Excerpts from a dataset:
▼
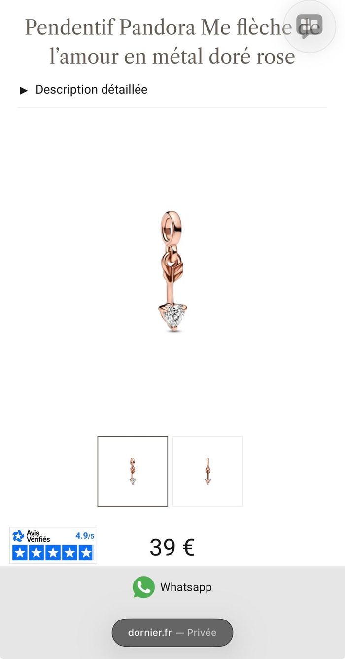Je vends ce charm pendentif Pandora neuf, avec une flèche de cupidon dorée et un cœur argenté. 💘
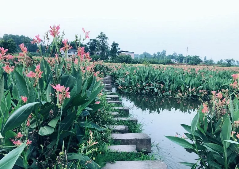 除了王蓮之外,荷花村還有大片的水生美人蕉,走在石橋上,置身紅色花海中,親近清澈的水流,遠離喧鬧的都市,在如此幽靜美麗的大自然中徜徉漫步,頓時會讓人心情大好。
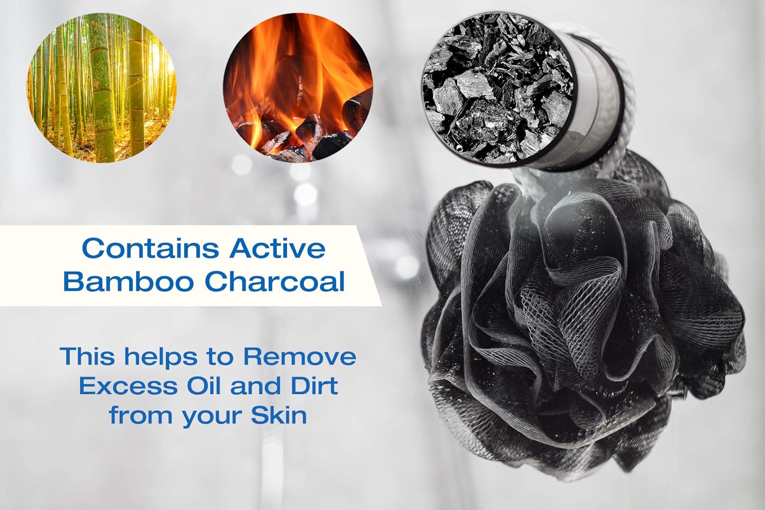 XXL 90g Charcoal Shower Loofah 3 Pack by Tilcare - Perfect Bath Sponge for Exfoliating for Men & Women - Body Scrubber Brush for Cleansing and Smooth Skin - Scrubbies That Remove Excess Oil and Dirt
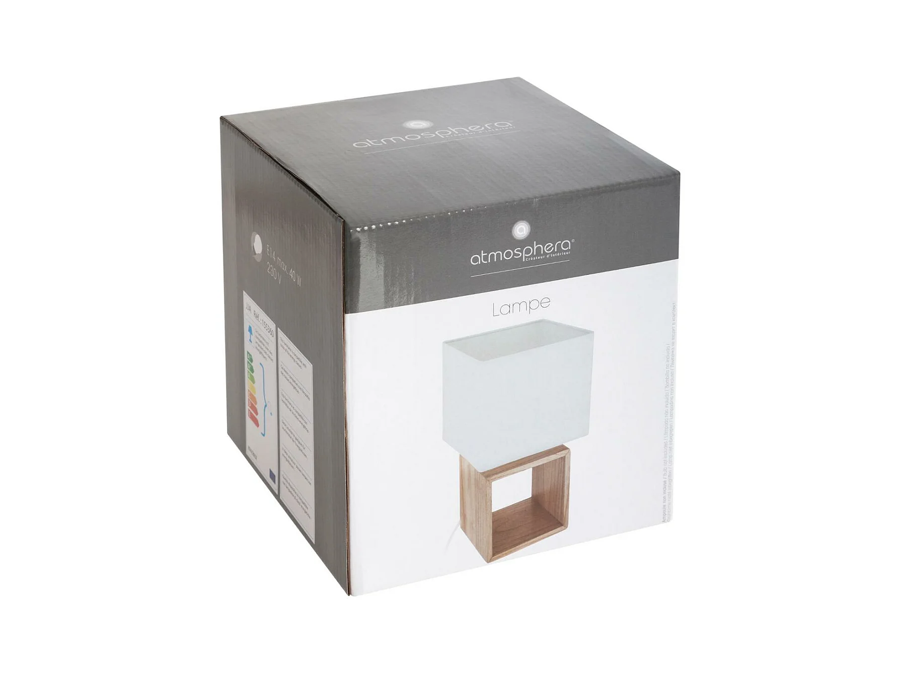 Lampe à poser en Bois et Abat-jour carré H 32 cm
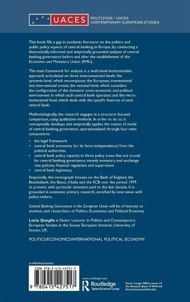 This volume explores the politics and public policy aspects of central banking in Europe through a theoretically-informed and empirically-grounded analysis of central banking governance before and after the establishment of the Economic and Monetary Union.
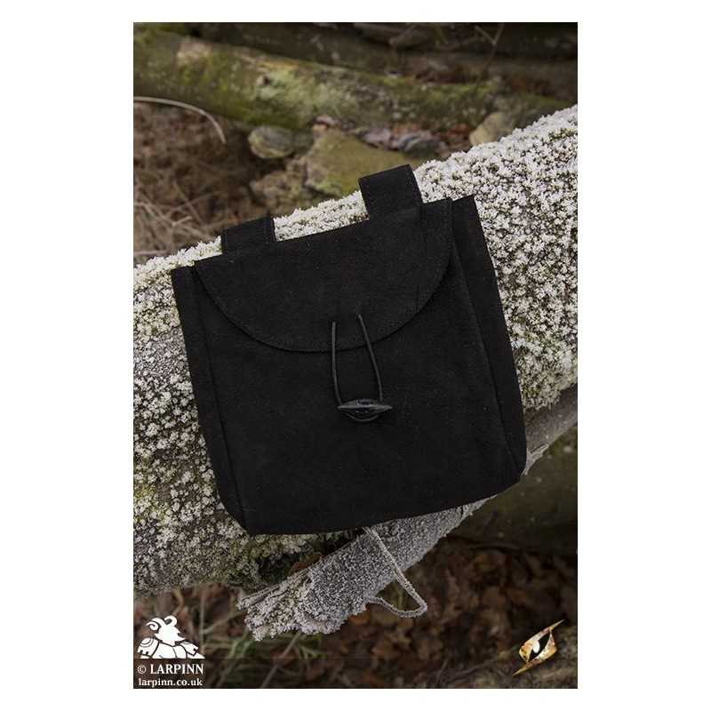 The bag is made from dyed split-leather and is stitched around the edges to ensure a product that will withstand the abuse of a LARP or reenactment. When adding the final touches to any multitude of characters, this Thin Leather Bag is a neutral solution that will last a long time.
▲
▶ Task item: Your copy should hold the lines from the one with "XXL 90g Charcoal" up to and including the one with "This volume explores", exactly as in the data above, and no pictures.

▶ Expected output:
 XXL 90g Charcoal Shower Loofah 3 Pack by Tilcare - Perfect Bath Sponge for Exfoliating for Men & Women - Body Scrubber Brush for Cleansing and Smooth Skin - Scrubbies That Remove Excess Oil and Dirt
 Lampe à poser en Bois et Abat-jour carré H 32 cm
 This volume explores the politics and public policy aspects of central banking in Europe through a theoretically-informed and empirically-grounded analysis of central banking governance before and after the establishment of the Economic and Monetary Union.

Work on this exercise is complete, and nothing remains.